—Y hoy invitaste a una mujer para humillarla por diversión.
—¡Todo lo hice por nuestra familia!
—No, mamá. Lo hiciste para sostener la imagen que inventaste.
La frase dolió más que los documentos.
Don Aurelio anunció que su grupo suspendería cualquier negociación con las empresas implicadas hasta que cada peso fuera aclarado.
Otros empresarios hicieron lo mismo.
En pocos minutos, el poder social de Isabela comenzó a derrumbarse entre mensajes de WhatsApp, llamadas apresuradas y personas que evitaban aparecer cerca de ella.
Isabela miró a sus invitados con desesperación.

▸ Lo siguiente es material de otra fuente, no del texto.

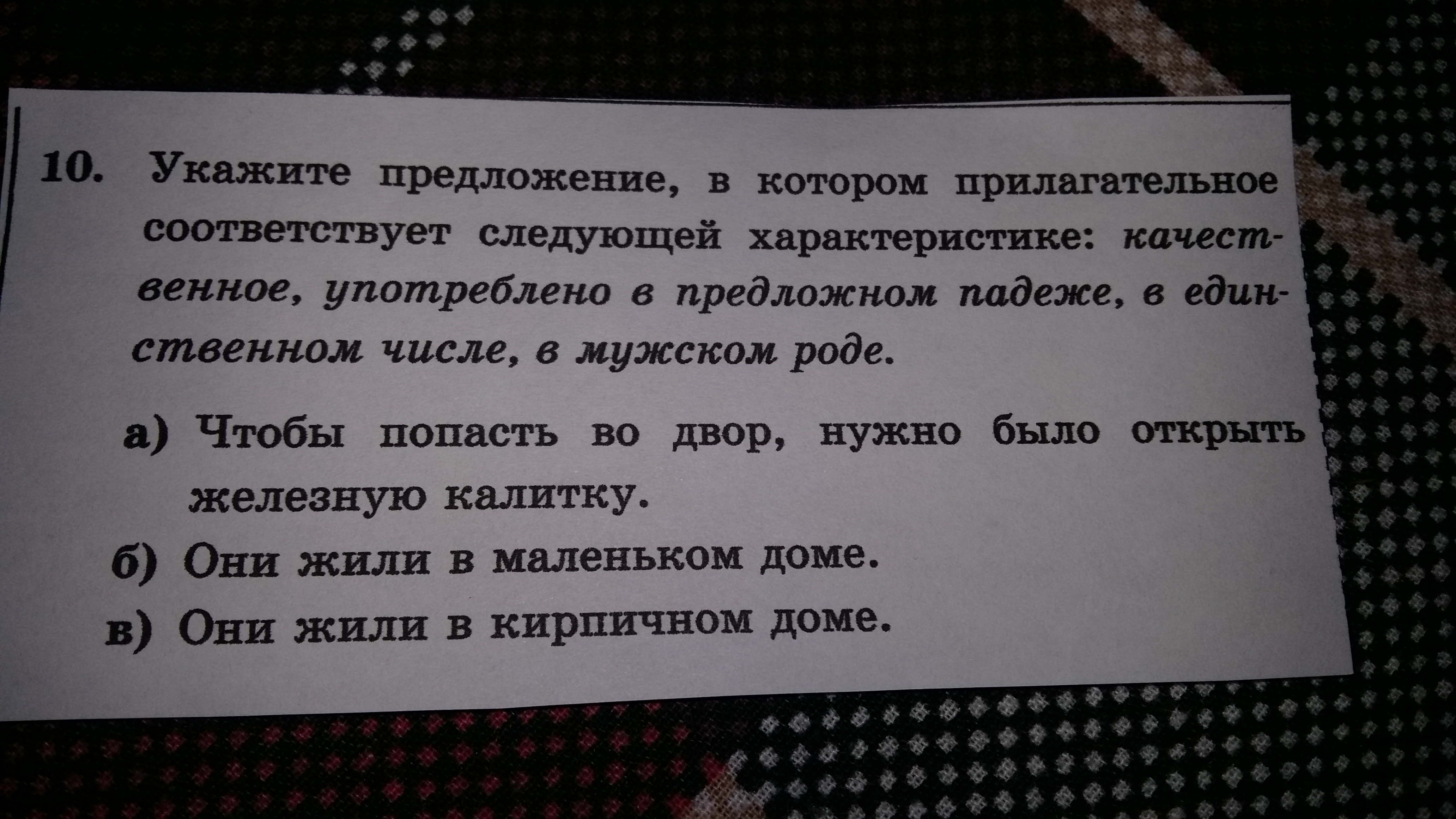 Укажите предложения,в котором прилагательное соответствует следующей характеристике:качественное,употреблено в предложном падеже,в ед инственном числе,в мужском роде. а)Чтобы попасть во двор,нужно было открыть железную калитку. б)Они жили в маленьком доме. в)Они жили в кирпичном доме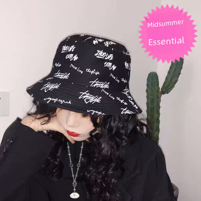 قبعة نسائية على الطراز الكوري مطبوعة بحروف مطرزة قبعة صياد السمك على الطراز الياباني كاجوال مناسبة لجميع المناسبات على الوجهين قبعة حوض للشمس للرجال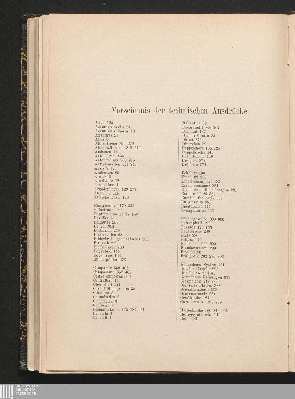 Verzeichnis der technischen Ausdrücke.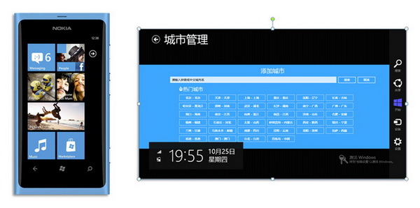 • 更多的分辨率尺寸 — 与WP7的单一尺寸不同,Win8的设备分辨率最小是10‘’(1024×768),推荐尺寸是11‘’(1366×768)及以上。微软提供了动态布局方式,可以缩小、放大或重新排列控件元素,从而适应各个设备的可用视觉空间。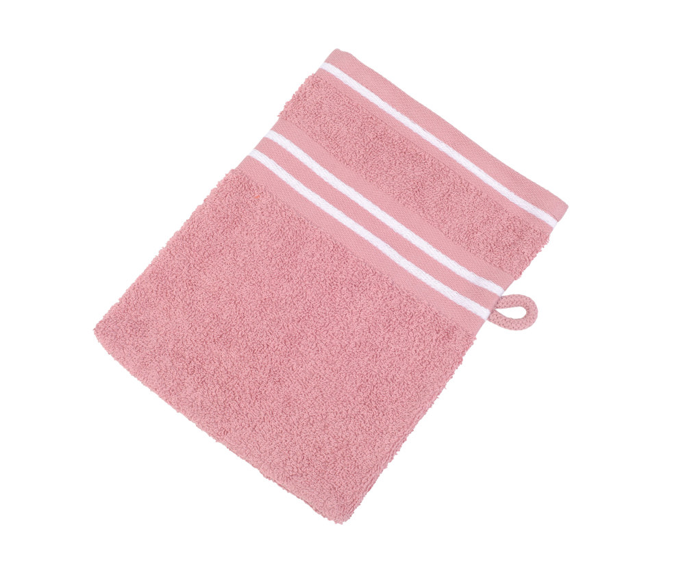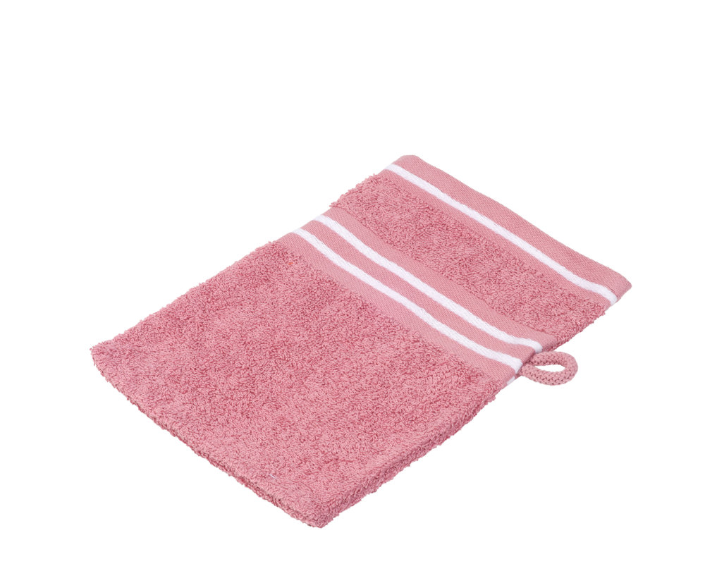FarbigerFrottier-Waschhandschuh aus 100% hochwertiger Baumwolle mit weißer Streifen-Bordüre, ca. 500 g/m²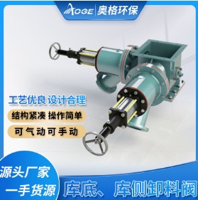 該設備用于粉料貯倉底部或側面卸料用,設備帶有流化裝置,卸料時能使物料流態化排出,通過輸送管道或斜槽,配合散裝機直接裝料,該系統有氣動和手動兩種控制方式,氣動用電磁閥控制氣缸伸縮運動,實現卸料閥門的啟閉:手動為轉動手輪啟閉閥門。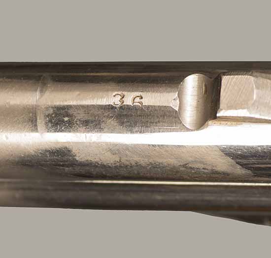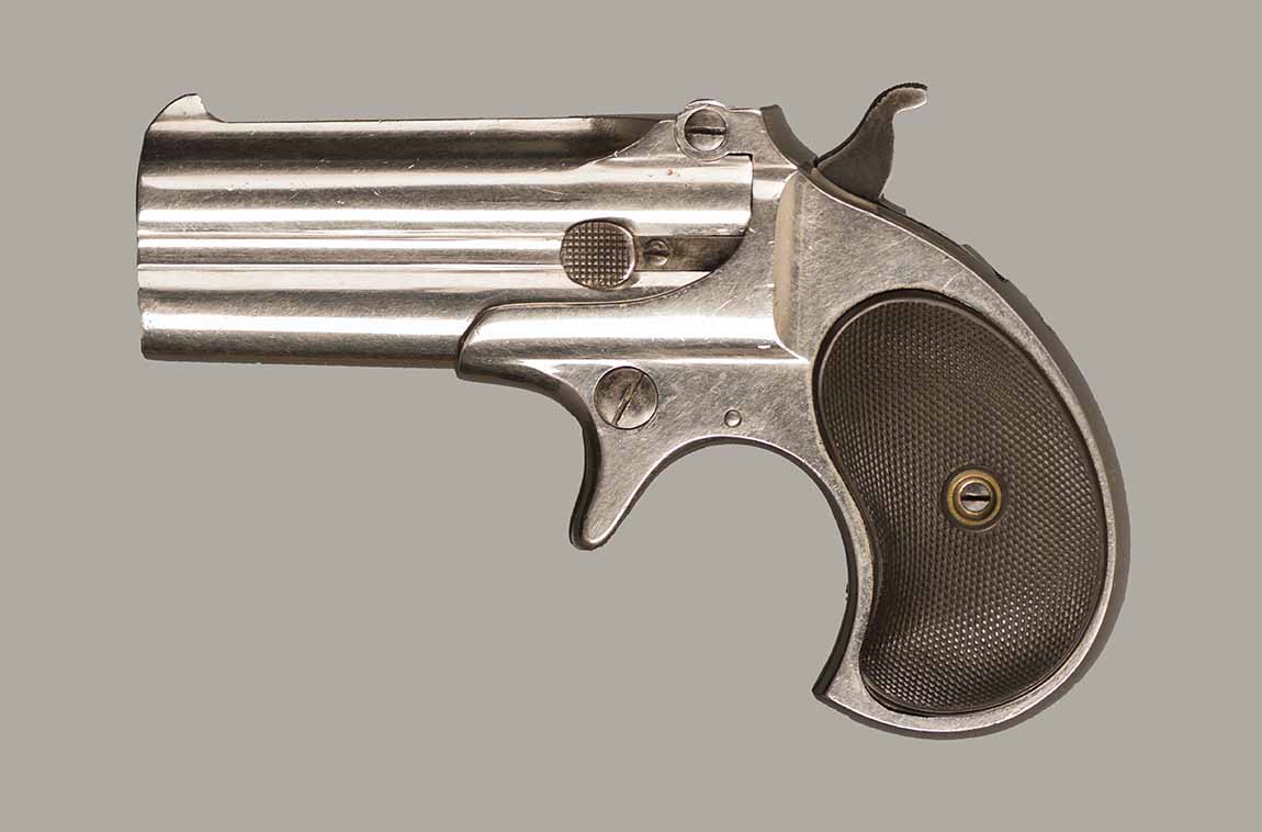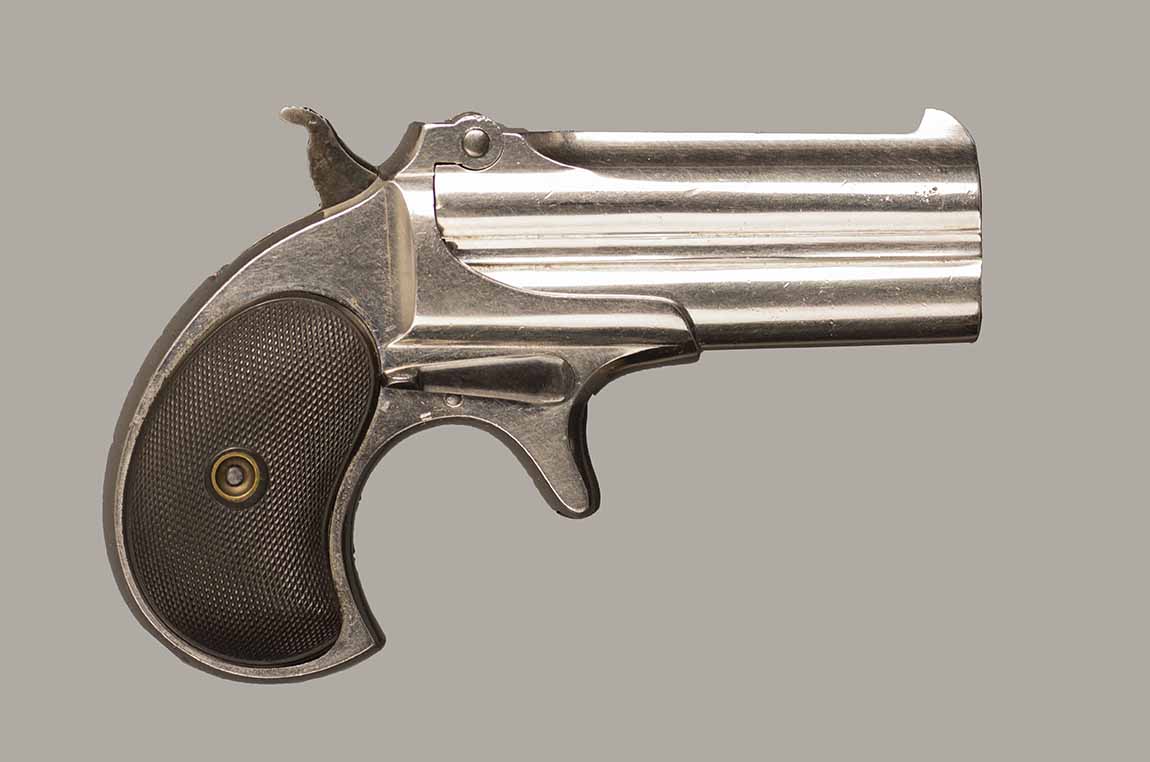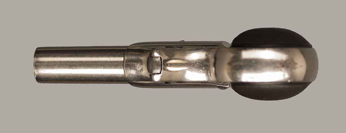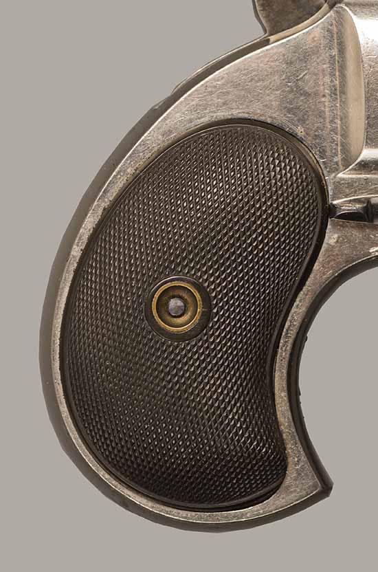 #36. Cal. 41 Rimfire. Standard 3" Barrel. Third Model, third type. Long line signing barrell address! Retains 99% of the original nickel plated finish. Hammer has 98% blue. Correct and perfect black checkered hard rubber grips. Matching serial numbers! Mechanically perfect, bores are excellent. Gun has perfect hinges! Made cc.1888. About 67.000 to 70.000 made. Beautifull deringer in a near mint condition. Would be hard to improve! Cartridges shown for information purposes only.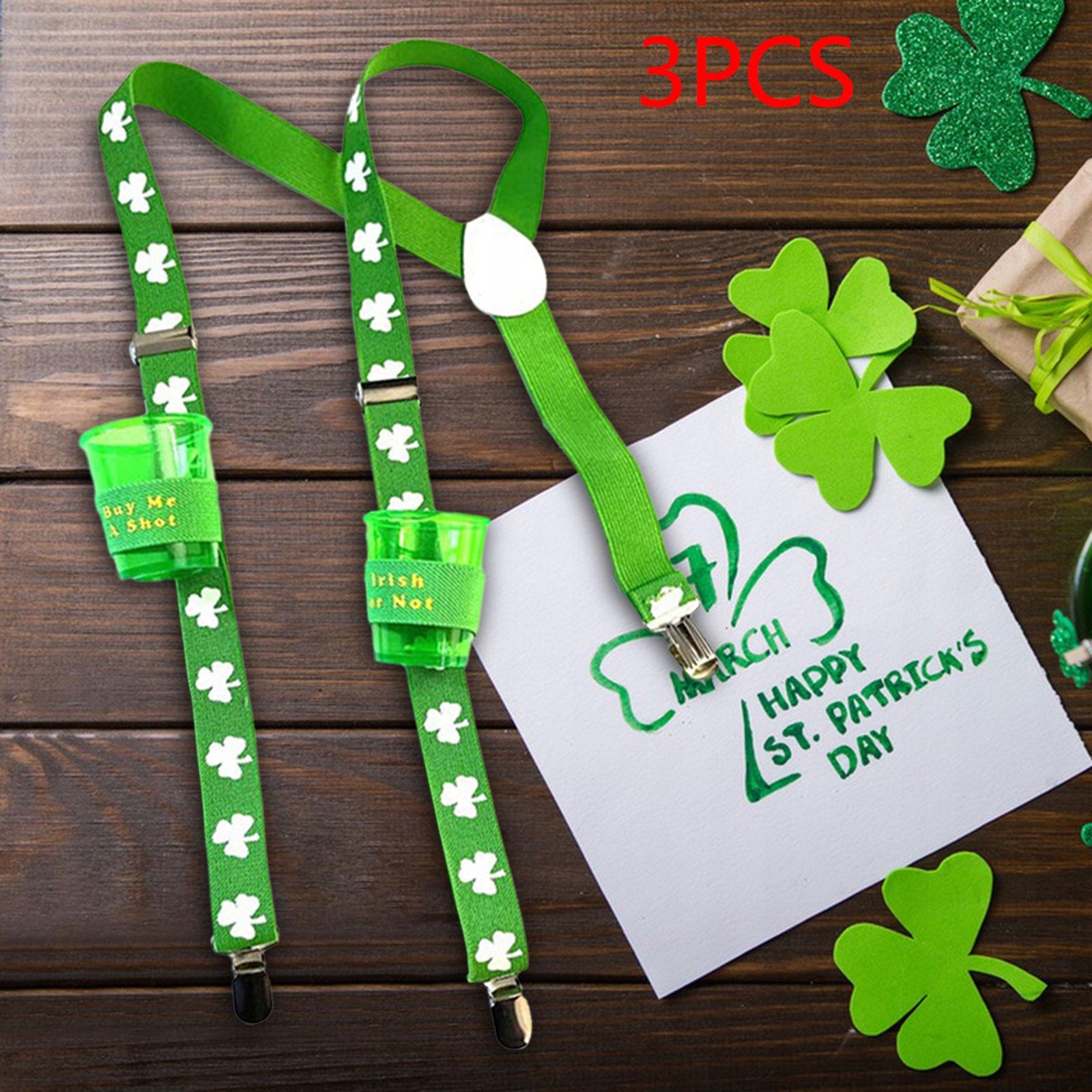 Подтяжки ко Дню Святого Патрика, аксессуар для одежды с 3 зажимами, регулируемый.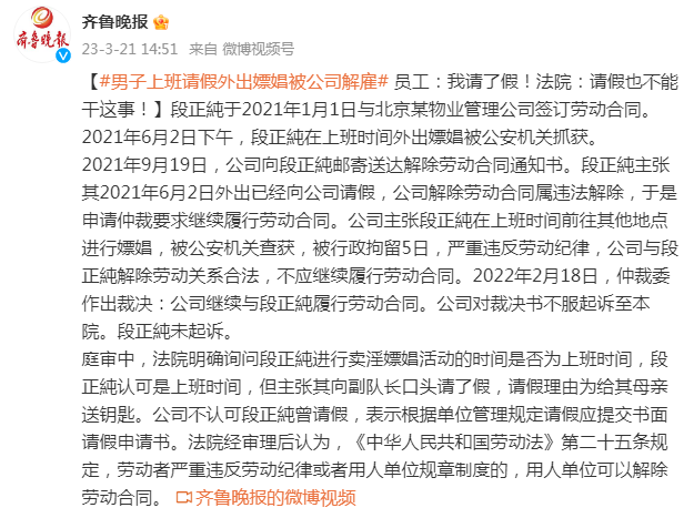 庭审中,法院明确询问段正純进行卖淫嫖娼活动的时间是否为上班时间,段正純认可是上班时间,但主张其向副队长口头请了假,请假理由为给其母亲送钥匙。公司不认可段正純曾请假,表示根据单位管理规定请假应提交书面请假申请书。法院经审理后认为,《中华人民共和国劳动法》第二十五条规定,劳动者严重违反劳动纪律或者用人单位规章制度的,用人单位可以解除劳动合同。

—¿Ahora todos van a juzgarme? La mitad de ustedes ha hecho cosas peores.
Nadie respondió.
Tal vez porque no era mentira.
Tal vez porque nadie quería hundirse junto a ella.
Entonces Isabela se volvió hacia Valentina.
—¿Qué quieres? ¿Que me arrodille? ¿Una disculpa frente a todos?
Valentina negó con la cabeza.
—No quiero una disculpa nacida del miedo.
—¿Entonces qué demonios quieres?
—Que mañana recuerde a cada persona que hizo sentir pequeña. A Teresa, que le sirve el café y mantiene sola a 2 hijos. A Julián, el jardinero al que culpa cuando está de mal humor.
Valentina señaló hacia la entrada.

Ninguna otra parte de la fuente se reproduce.